NOTE 3 – STOCKHOLDERS’
EQUITY (DEFICIT)
Common Stock
The Company effected a 2.5
for 1 forward stock split of our
number of authorized shares of the Common Stock
and a corresponding increase in the number of issued and outstanding shares of Common Stock held by each stockholder of record
as of February 8, 2018, the “Effective Date” of the forward split, as set by
the Financial Industry Regulatory
Authority (
“FINRA”
). All shares referenced have been respectively adjusted to reflect this stock split.
On the Effective Date, our total
authorized shares of Common Stock increased from 45,000,000 to 112,500,000 shares, and our total issued and outstanding shares
of Common Stock increased from 10,804,000 to 27,010,000 shares; the par value of $0.001 remained the same. Any fractional shares
resulting from the split were rounded up to the next whole number. The total authorized shares of our Preferred Shares was not
affected and remained at 5,000,000.
In March
2018, the Company issued 200,000 shares of common stock valued at $200,000 to acquire a license from VOTOCAST, INC. as discussed
in Note 4. It was determined to be a transaction with an entity under common control and the share issuance was determined to be
a deemed distribution to the related party for the value of the shares in excess of the historical carry over basis of the asset.

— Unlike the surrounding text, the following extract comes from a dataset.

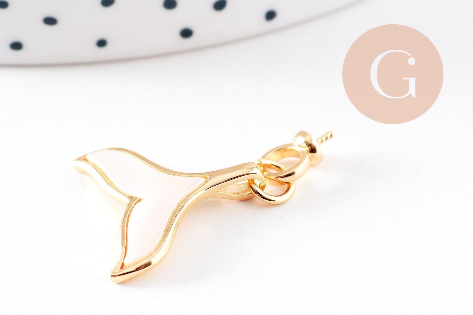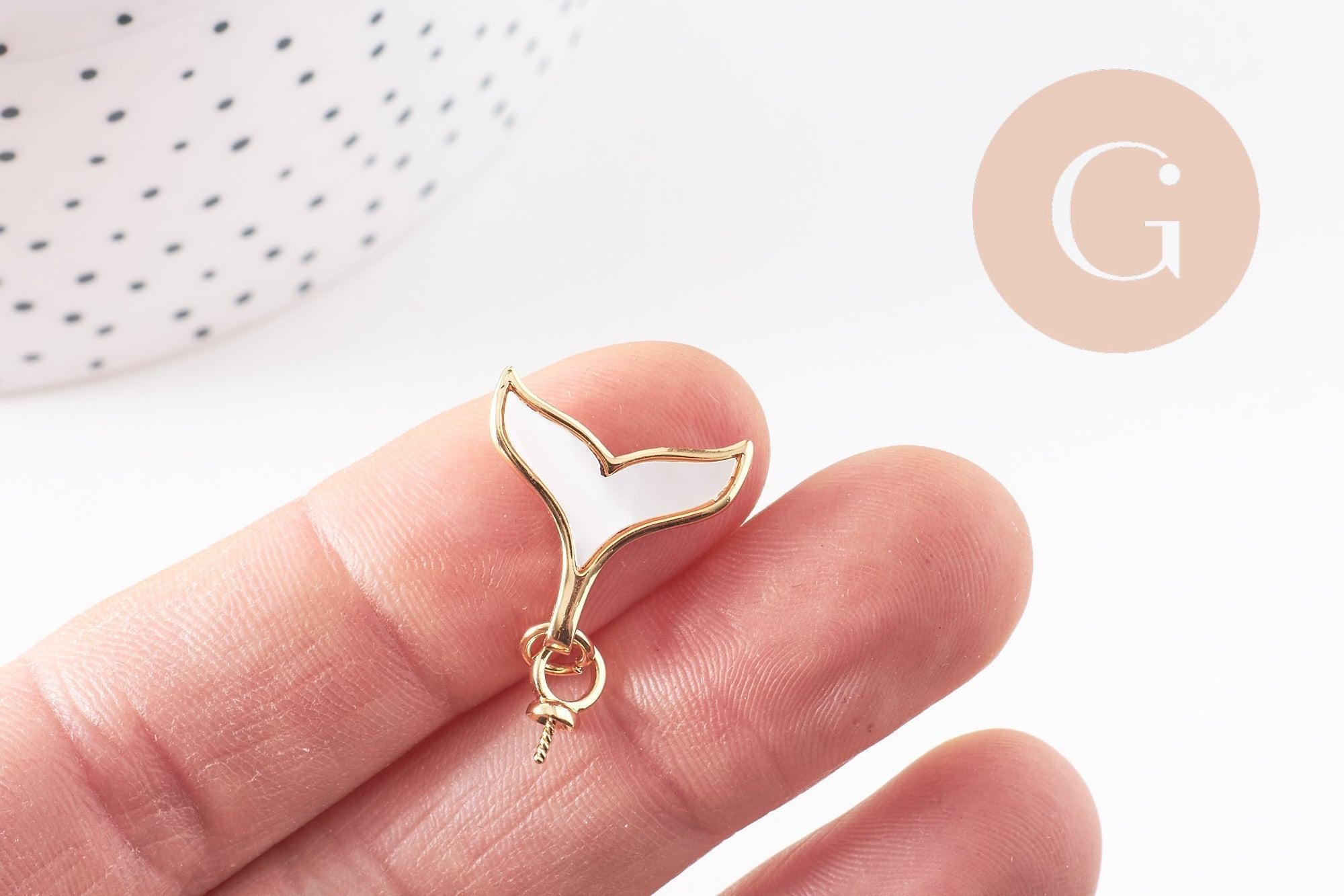 Añade un elegante toque náutico a tus diseños con este colgante de cola de pez , elaborado en acrílico blanco perlado y montado sobre una base de latón bañado en oro de 18 quilates .

During the nine months ended
September 30, 2018, the Company sold 912,400 shares of its restricted common stock at a price of $1.00 per share, for total net
proceeds of $912,400.
During
the nine months ended September 30, 2018, the Company issued a total of 1,300,000 shares of common stock to consultants. In addition,
the Company committed to issue an additional 300,000 of shares that will vest between May 2018 and February 2019. The Company recorded
$1,303,105 of compensation cost related to these shares.
During
the nine months ended September 30, 2018, the Company entered into agreements with consultants to serve on the Advisory Board.
The consultants were issued a total of 30,000 shares of common stock valued at $54,000. The shares were recorded as a prepaid expense
and will be recognized over the three-month services period. The agreements will renew on a quarterly basis unless terminated at
any time by either party.
NOTE 4 – TRANSACTION
WITH RELATED PARTIES
In March
2018, the Company entered into an Agreement with VOTOCAST, INC. dba newkleus, a California corporation formed and owned by Steven
Raack, the President, CEO and a Director of the Company. The Company received an exclusive license in the cannabis industry for
the state-of-the-art newkleus™ technology to (1) facilitate Vitalibis’ micro-influencer sales model, and (2) enhance
and compliment Vitalibis’ social media strategy.
The
Agreement grants Vitalibis™ an exclusive license for the newkleus patent-pending, user-generated content (UGC) technology
for all applications in the cannabis industry. The integration of the newkleus technology allows Vitalibis to create an interactive
digital community, while concurrently acquiring valuable user data and content, all of which Vitalibis anticipates will (1) increase
customer acquisition and retention and (2) build direct, meaningful and loyal customer relationships.
The
Company paid 200,000 shares upon execution of the agreement and a monthly fee ranging from $0 to $2,000 depending on volume of
usage. In addition, newkleus provides operational and business development consulting services.
During the nine months ended
September 30, 2018, $200 of cash was contributed to the Company by the Chief Financial Officer to open the Company’s bank
account.
NOTE 5 – SUBSEQUENT EVENTS
Subsequent to September 30, 2018, the Company issued a total of 2,500 shares of its restricted common stock in exchange for services.